Third batter comes to the plate. He swings on his first pitch and it pops high, right between my three children – playing first, pitcher and 2nd base. Sam has the best angle on it, but JB and Risa refuse to back off. Sam’s calling it, the ball’s descending perfectly into his glove and still JB and Risa won’t back off. Just as the ball is landing in the pocket of Sam’s glove the other two collide into him. Rather than find Sam’s pocket, the ball bounces off its tip. Sam frantically tries to re-snag it on its way down, but gets caught in the tangled arms and legs of his siblings. The ball dribbles to the ground. And in the same instant, the winds of winning shifted against us.
We fought hard, kept our heads up, but lost the game 5-6. There was no pouting, no throwing gloves on the ground, no refusing to shake hands. There was crying, of course, my own including – although fortunately I had the gulping power to keep it down until we got home and had put everyone to bed. As Superman told his players at the end of game huddle, “Hey, you didn’t lose that game. They just happened to win.”
My late night Thursday crying came from some different well, however. My mind kept reliving that perfect storm play. And deep, three year-old grief just boiled to the surface like a sleeping geyser suddenly awake and insistent on spewing burning sulfur. It was the kind of uncontrollable weeping I used to lock myself in my bathroom for – especially after those difficult days where my youngest birth son seemed to take the brunt of my adopted son’s wounds. They are the same age – “artificial twining” I think they call it. This made Sam the perfect target; continually being confronted and frustrated by an angry, mournful child, who didn’t know how to do anything but fight for his place in the world.
I battled against bitterness in those days. Bitterness against children who were utterly incapable of choosing differently at the time. For whatever reason, watching them all collide on the field, flooded the cavities of my soul so hard fought for these past three years. Like the smell of Aqua Net or Baby Soft transports me to junior high, so did that night’s trifecta-collide place me squarely back to their early days home, though the similarities in the actions couldn’t have been more opposing.

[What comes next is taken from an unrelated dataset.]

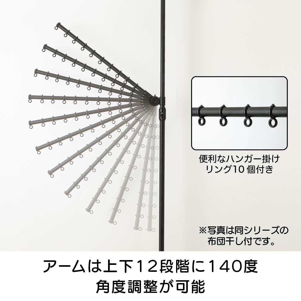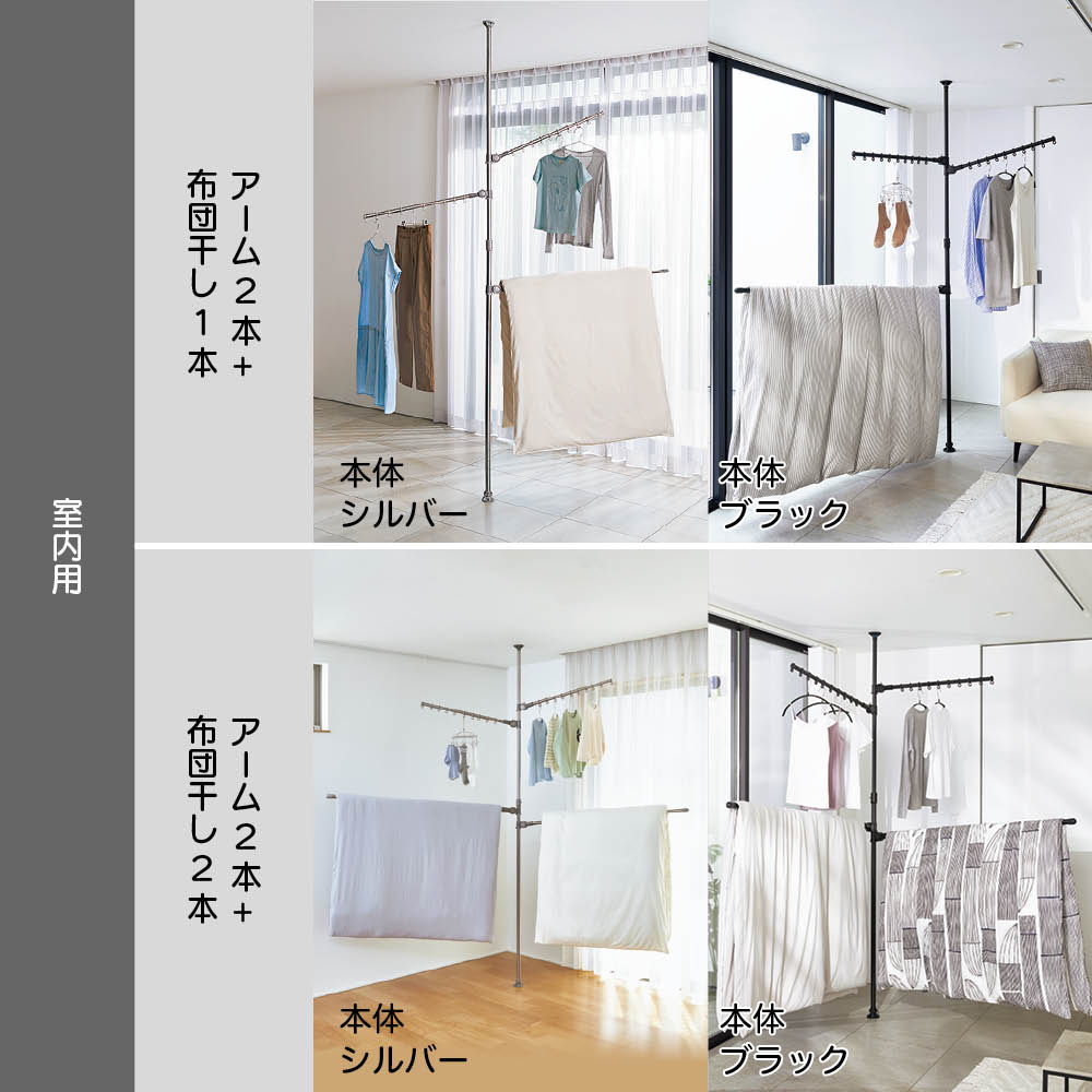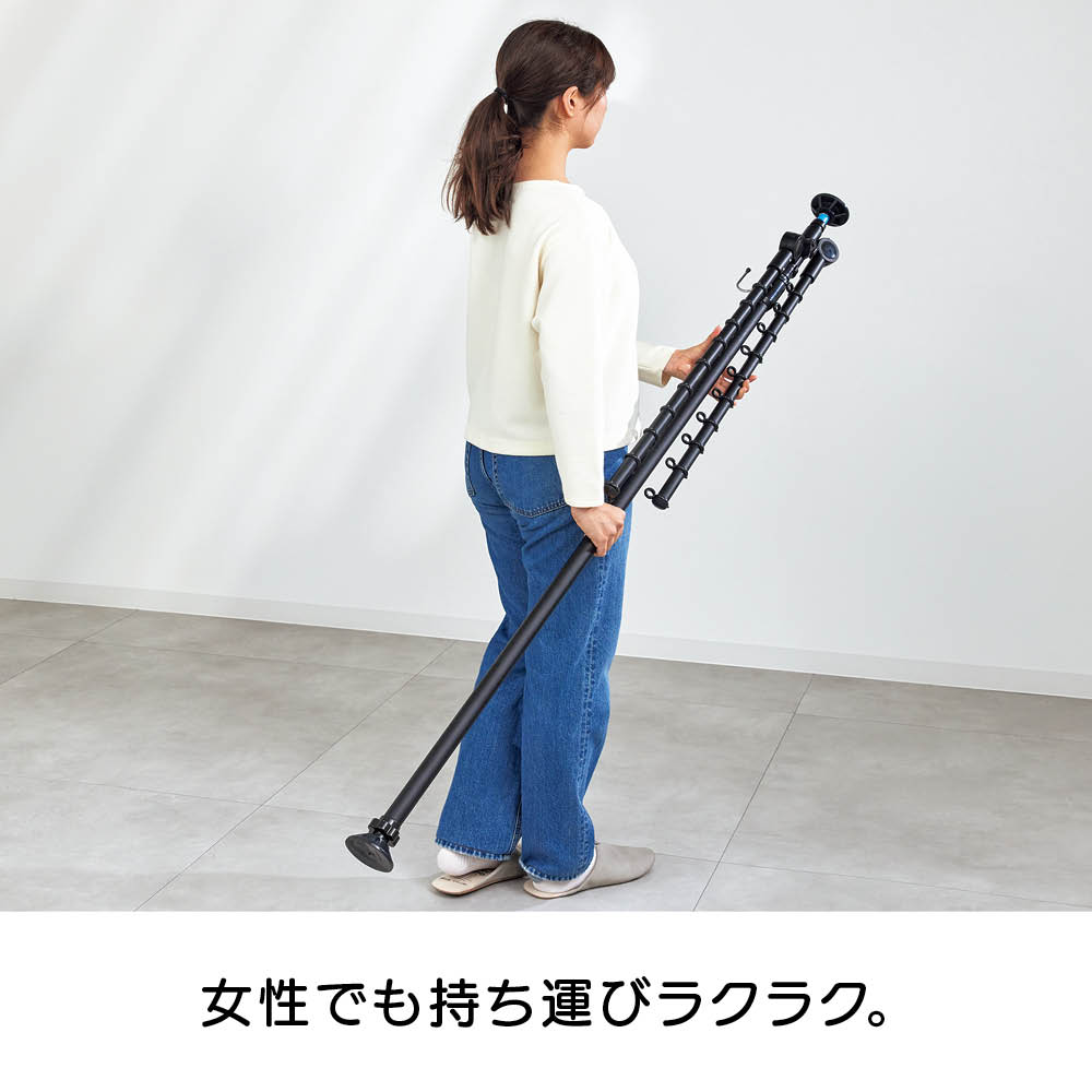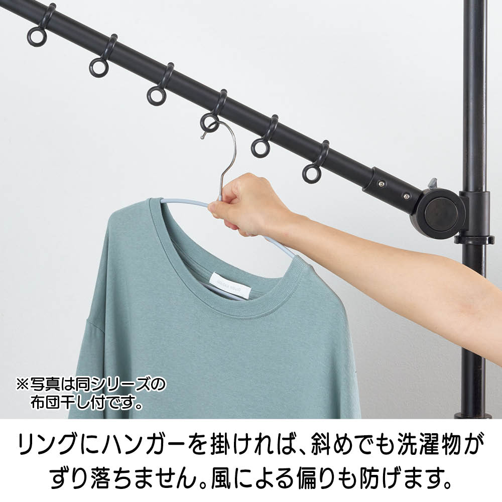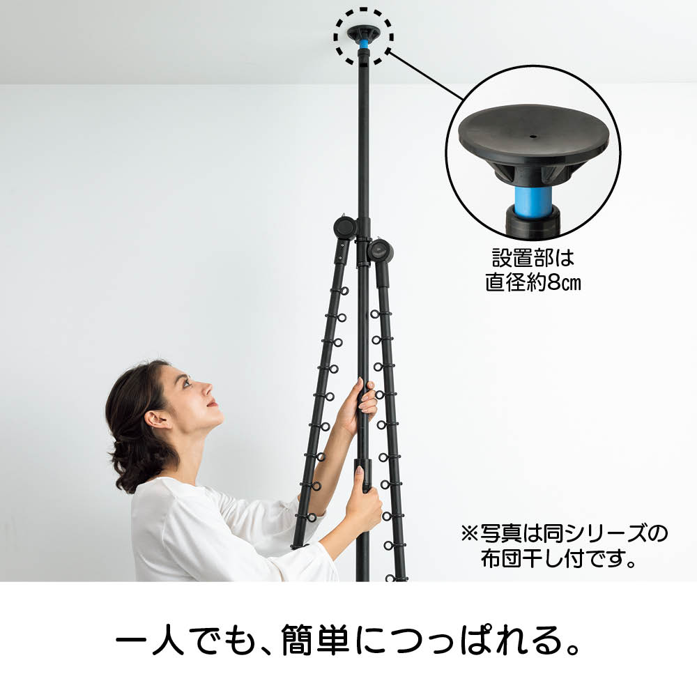 ワンタッチで簡単につっぱり設置でき、超省スペースで洗濯物が干せる「どこでもポール 物干しシリーズ」に待望のブラックが登場。てかりを抑えたマットな黒なので、インテリアにこだわりのあるお部屋でもオシャレに干せます。使用後はポールを下ろすだけですっきり、出し入れする手間もナシ!センスを感じられるこだわりのインテリアにもしっくりとなじむオールブラック。ブルックリンインテリアやカフェ風インテリア、北欧モダンなど、テイストを選ばずコーディネートできます。たたんだ時の立ち姿もシンプルなので、お部屋のイメージを損ねません。こだわりの外壁やバルコニーの雰囲気に合わせて設置できます。室内・屋外どちらでも使えるので、設置場所を選びません。設置後もアームの高さや向きを簡単に変えられるので、日当たりの向きに合わせて調整すれば、早く乾かすことができます。洗面所や脱衣所などの狭い空間にも。スペース効率よく洗濯物が干せます。使用後はアームをたたむだけで片付け完了!使うたびに出し入れする面倒も、収納場所の心配も無用です。洗濯機のそばに設置すれば、洗い上がりに取り出した洗濯物をダイレクトに干せるので、移動する手間がなく家事の時短にも。ビカクシダやエアプランツなど観葉植物を吊るしても。天井から吊るすのはハードルが高かった人気の吊り下げタイプのグリーンも、手軽かつオシャレに楽しめます。ペットを飼っていて、床にグリーンを置けない人にもオススメ。アームが動くので水やりの時も便利!シンプルなアーム2本タイプ。長さ76cmのアームが2本、それぞれにハンガー掛けリングが10個ずつ付いているので、数日分まとめて洗濯しても安心のキャパです。一人でも、簡単につっぱれる。設置したい場所を決めたら、調節ボタンを押しながら天井まで伸ばし、ぐっと押し付ければ設置完了。上下にすべり止めが付いているので安定して設置できます。用途に合わせて選べるどこでもポールシリーズ1室内でも屋外でも使える便利な兼用タイプ。アームの回転を防ぐストッパー付きなので、風のある日の外干しも安心です。用途に合わせて選べるどこでもポールシリーズ2リビング、洗面所や脱衣室、バスルーム、寝室など狭い場所にもワンタッチで設置できるので、お好みの場所がすぐに物干しスペースに。片付けはアームをたたむだけで、手間も場所もとりません。

We all recovered. The next day, while reading in my husband’s ugly red pleather chair, I overheard their little voices – not baseball giants anymore, just little children building lego ships. “Look at mine, Sam! Do you like it?” These ‘twins’ have become connected in that mysterious way only twins can understand.

Midget League Champions – Isaac with his winning hardware


On Sunday, my older son faced his own championship game. It was a defensive battle. More than once, I thought I was living Ground Hog Day. But in the end, they won. The ‘twins’ raced to Isaac and told him how happy they were for him; at least now we had a championship in the family! All I could do was giggle and smile and cry – again. Winning is sweet. It’s a wide satin bow tied neatly to the top of any present. Losing is horrible, causing chest constriction and flashing dark emotions not easily contained. But losing, I’m beginning to find, is where the greatest potential for victory lies.